The failure environment is harsher than the marketing instinct assumes. At the cluster scale where these SLAs apply, interruptions are routine, not exceptional: a 16,384-GPU run logged an interruption roughly every three hours, 78% hardware-attributed; best-in-class MTBF is ~7 days per 512 GPUs, which at 16,000 GPUs is a hardware event every few hours by construction. A goodput contract that promises 96% to a tenant is promising to absorb that entire failure environment minus 4 points — which is achievable only if the operational reliability machinery (health-checks, hot spares, fast checkpointing) is genuinely best-in-class, and suicidal if it is not. The negotiation move for the provider is to set the goodput floor at the number the model supports with margin (often 90–93%, not 96%), reserve the 96% for a premium tier backed by extra hot spares and dedicated checkpointing, and price the difference.

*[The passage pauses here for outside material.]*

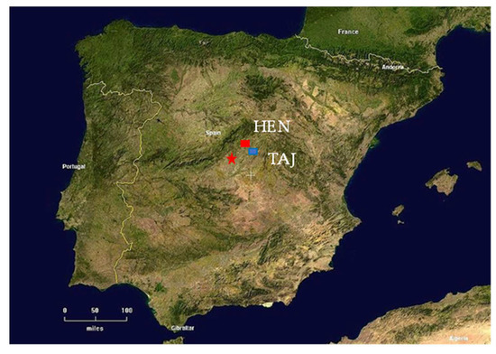 Location of the study sites in Madrid region (central Spain), HEN—Herras de Ayuso (Henares River) and TAJ—Romanones (Tajuna River).

The move for the customer is to demand the measurement and attribution regime — because a high number with weak attribution is worth less than a modest number with airtight badput accounting.

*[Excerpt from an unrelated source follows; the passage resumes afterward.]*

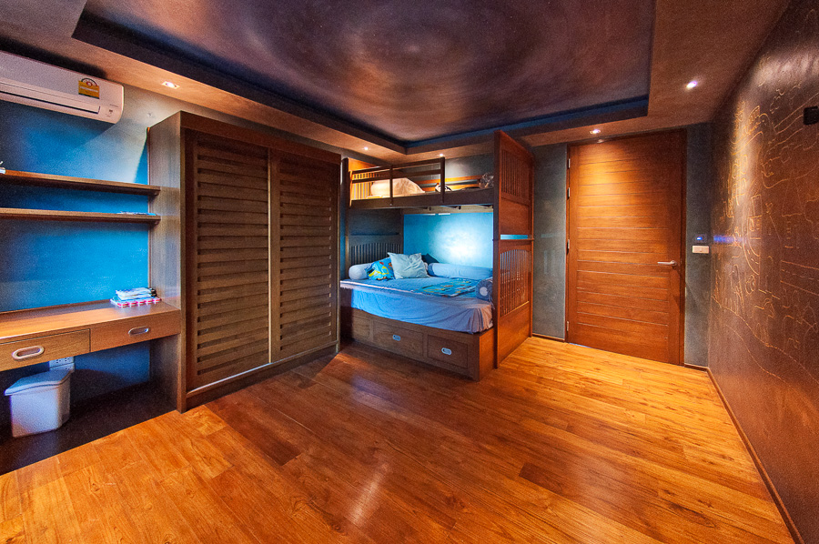 The incredible children’s room with bunk beds and ” starry night ” lighting.

The SLA is downstream of the model, never upstream of it

The costliest SLA mistake is writing the commitment first and hoping the plant delivers it. The correct order is: design-basis → failure environment → availability/goodput model → modeled number → promised number with margin → credit ladder sized to the variance. An SLA written this way is a number you can defend on a bad month; an SLA written by working backward from what the customer wants to hear is a structural short position on your own reliability. When the modeled number and the number sales wants to print diverge, the answer is to spend on redundancy or operational reliability until the model supports the promise — or to lower the promise. It is never to print the number and hope. → the quantitative engine in Chapter 12.5.

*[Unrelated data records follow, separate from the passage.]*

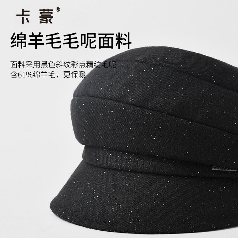 卡蒙绵羊毛呢鸭舌贝雷帽女秋冬时尚亮片百搭画家帽显脸小加绒保暖
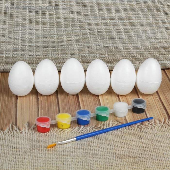 Набор яиц под раскраску 6 шт., размер 1 шт: 4 × 6 см, краски 6 шт. по 3 мл, кисть
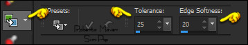 Com a ferramenta Magic Wand: Tolerance 0, Feather 70, Layers > Arrange > Bring to Top. Abrir a visibilidade das layers Raster 3 e Raster 2.

This chapter is the commercial endpoint of the Part 12 reliability arc. The availability-vs-goodput reframing it commits to contract is argued in Chapter 12.2; the redundancy design-basis the commitments are written against is the primer in Chapter 0.5 and the facility standards in Chapter 12.1; the geographic-failover obligations that feed DR-tier SLA terms are in Chapter 12.3; and the quantitative availability-and-goodput model that produces the number you are allowed to promise is in Chapter 12.5. The commissioning fingerprint that sets the contractual baseline is captured in Chapter 13.2; the component failure rates that define the badput environment come from Chapter 14.3; productization and customer delivery are in Chapter 10.9; and the serving-engineering SLOs that sit beneath an inference availability commitment are in Chapter 10.11.